» AVAILABLE DATA
*** Begin section ***

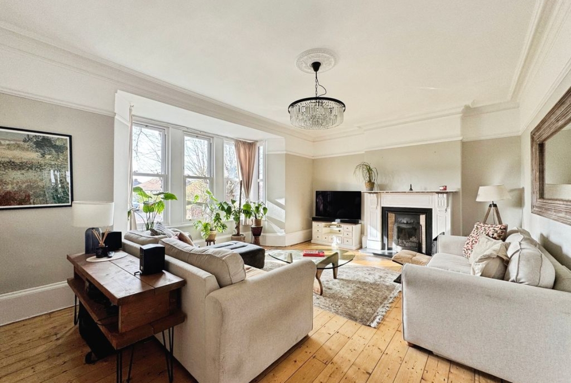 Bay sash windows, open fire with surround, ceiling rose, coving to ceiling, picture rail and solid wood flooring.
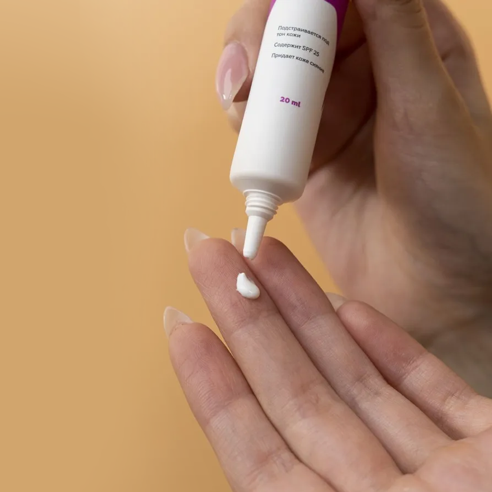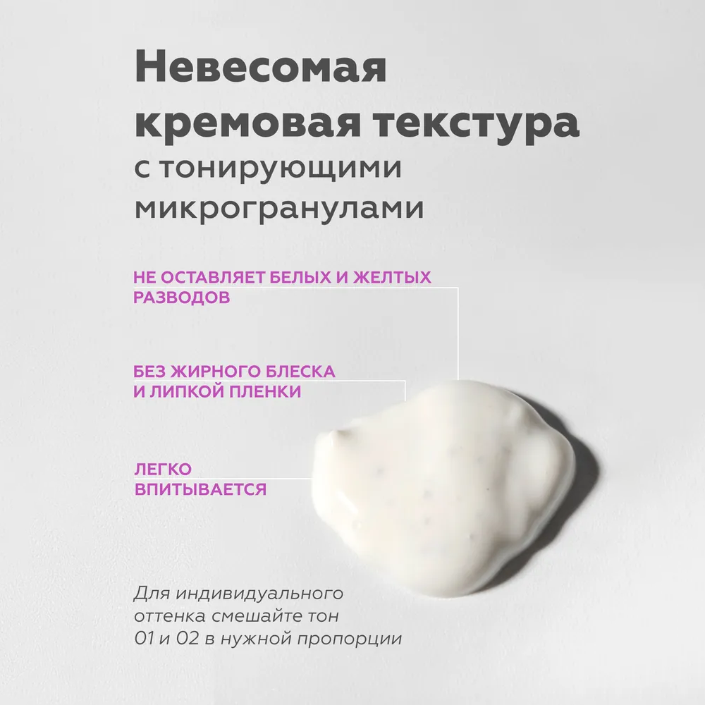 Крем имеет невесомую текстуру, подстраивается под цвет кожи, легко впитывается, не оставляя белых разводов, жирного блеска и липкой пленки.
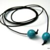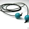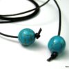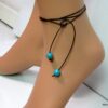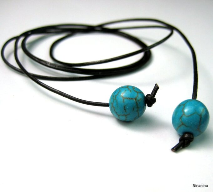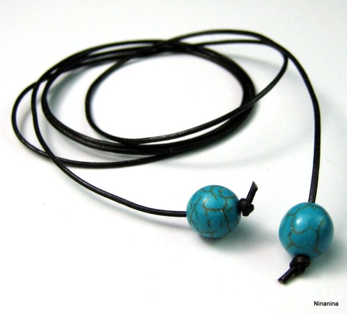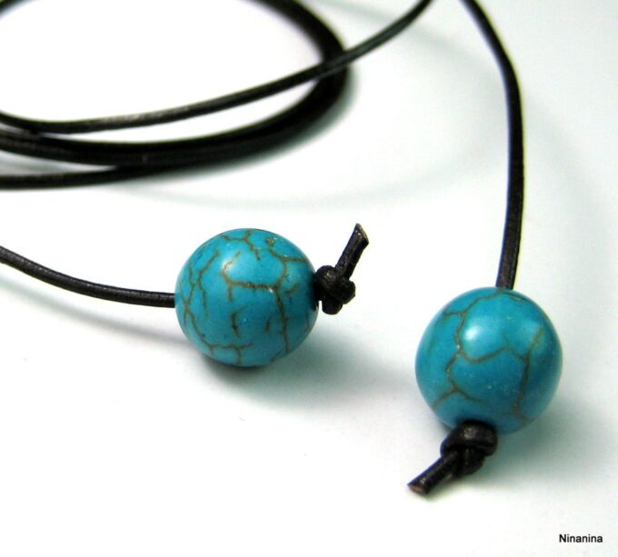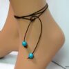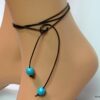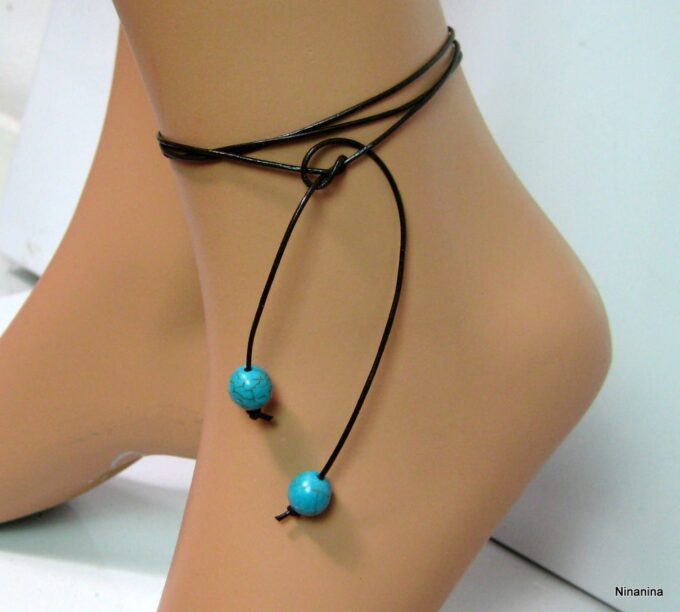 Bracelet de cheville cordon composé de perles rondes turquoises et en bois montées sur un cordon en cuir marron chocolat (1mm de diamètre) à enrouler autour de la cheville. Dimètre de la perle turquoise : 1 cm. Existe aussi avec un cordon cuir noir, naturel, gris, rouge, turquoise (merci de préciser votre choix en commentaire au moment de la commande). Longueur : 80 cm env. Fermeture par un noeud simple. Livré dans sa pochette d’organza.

*** End section ***

» BRIEF
In your transcription of the listing above, match each line exactly and include no pictures.

» RESULT
 Bay sash windows, open fire with surround, ceiling rose, coving to ceiling, picture rail and solid wood flooring.
 Крем имеет невесомую текстуру, подстраивается под цвет кожи, легко впитывается, не оставляя белых разводов, жирного блеска и липкой пленки.
 Bracelet de cheville cordon composé de perles rondes turquoises et en bois montées sur un cordon en cuir marron chocolat (1mm de diamètre) à enrouler autour de la cheville. Dimètre de la perle turquoise : 1 cm. Existe aussi avec un cordon cuir noir, naturel, gris, rouge, turquoise (merci de préciser votre choix en commentaire au moment de la commande). Longueur : 80 cm env. Fermeture par un noeud simple. Livré dans sa pochette d’organza.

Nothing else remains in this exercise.